É uma reviravolta no filme de terror religioso, embora o verdadeiro frenesi da mídia do Pânico Satânico Pernas longas peças com não interessavam pessoalmente a Perkins naquela época. Sua única vaga consciência disso enquanto crescia na década de 1980 em Los Angeles eram as notícias sobre Richard Ramirez, o chamado assassino em série “Night Stalker”. Ele também parece divertido com o medo ainda persistente em partes da cultura americana de supostos adoradores do diabo reais.
“Se há algo interessante sobre a adoração ao diabo na América, é que ela é meio que fundamentalmente mal compreendida”, diz Perkins. “É como se as pessoas que acreditam no QAnon pensassem que a adoração ao diabo é comer bebês, certo? E a adoração ao diabo definitivamente não é comer bebês. É apenas ser a versão invertida de todo o resto e meio que se afastar da resistência puritana que as pessoas religiosas infligem.”
Um filme como Pernas longasentão, é menos um filme literal sobre demônios, e mais uma exploração insidiosa de como as pessoas podem ser compelidas (ou se deixar compelir) a fazer coisas verdadeiramente más. Cage, por exemplo, conversou muito com Perkins sobre as performances de Lon Chaney Sr. enquanto desenvolvia o semblante elevado de Longlegs, enquanto as pessoas que sua presença afeta são filmadas por Perkins em ângulos abertos muitas vezes destacados. O cineasta compara suas composições e linguagem cinematográfica a fotografias de cenas de crime.
“Fotografias de cenas de crime são o epítome da questão de fato”, explica Perkins. “É um documento, não é uma obra de arte; mas isso a torna uma obra de arte. Como uma fotografia de Ed Ruscha de um antigo prédio de apartamentos é apenas uma foto de um antigo prédio de apartamentos, mas porque ele escolheu fazê-la e porque ele escolheu fazê-la dessa forma não crítica, ela tem uma nova vida. Então criamos todas essas fotografias de cena de crime (imagens) de uma forma muito prática… Tudo é meio que daqui. Para mim, isso expressa: ‘Oh, isso vai acontecer não importa o que aconteça.’ Há uma inevitabilidade de coisas ruins acontecerem quando você mantém uma espécie de distância de observação.”
Ainda assim, uma das coisas enervantes sobre Pernas longas é sua capacidade de se concentrar em imagens enervantes que às vezes são quase subliminarmente editadas na imagem, e frequentemente em close-up extremo. Há até imagens que podem vir do próprio subconsciente de Perkins. Por exemplo, é difícil perder uma visão que Lee Harker tem de sangue escorrendo por um ralo e não pensar no Pernas longas pai do diretor, o ator Anthony Perkins.

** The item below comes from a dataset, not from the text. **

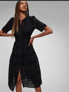 Black lace midi dress by GAP. Button-front closure with delicate lace panels. Short sleeves and a modest round neckline. Feminine scalloped hem and tiered skirt. Easy to dress up or down.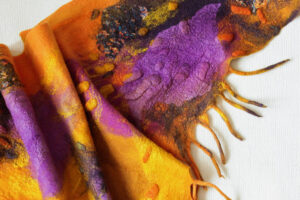 - Декорировать войлок тканями, волокнами, пряжей, префельтом.

“Saímos para atirar nas cobras em uma reserva de cobras fora de Vancouver”, diz Perkins sobre o desenvolvimento de algumas das imagens subliminares piscantes que pretendiam significar o mal no filme. “E nós apenas (filmamos com a lente olhando) para uma pia quando eles tiraram as cobras. E (nós pensamos), ‘Oh, parece que Psicopata!’ Está ali e você pode muito bem obtê-lo.” É uma imagem que certamente significa algo para a educação de Perkins, mas o diretor diz que sua inclusão em um filme como Pernas longas vem de seu estilo de direção, que consiste inteiramente em capturar momentos naturais e inesperados de inspiração.
“Meu trabalho como diretor, uma vez que é um roteiro e então uma vez que foi desenvolvido pelos departamentos em pré-produção, meu trabalho como diretor no set é assistir e ver as coisas quando elas acontecem. E se eu vejo algo, eu digo algo.”
Pernas longas tem muito a dizer sobre o mal, mães e muito mais quando estrear na sexta-feira, 12 de julho.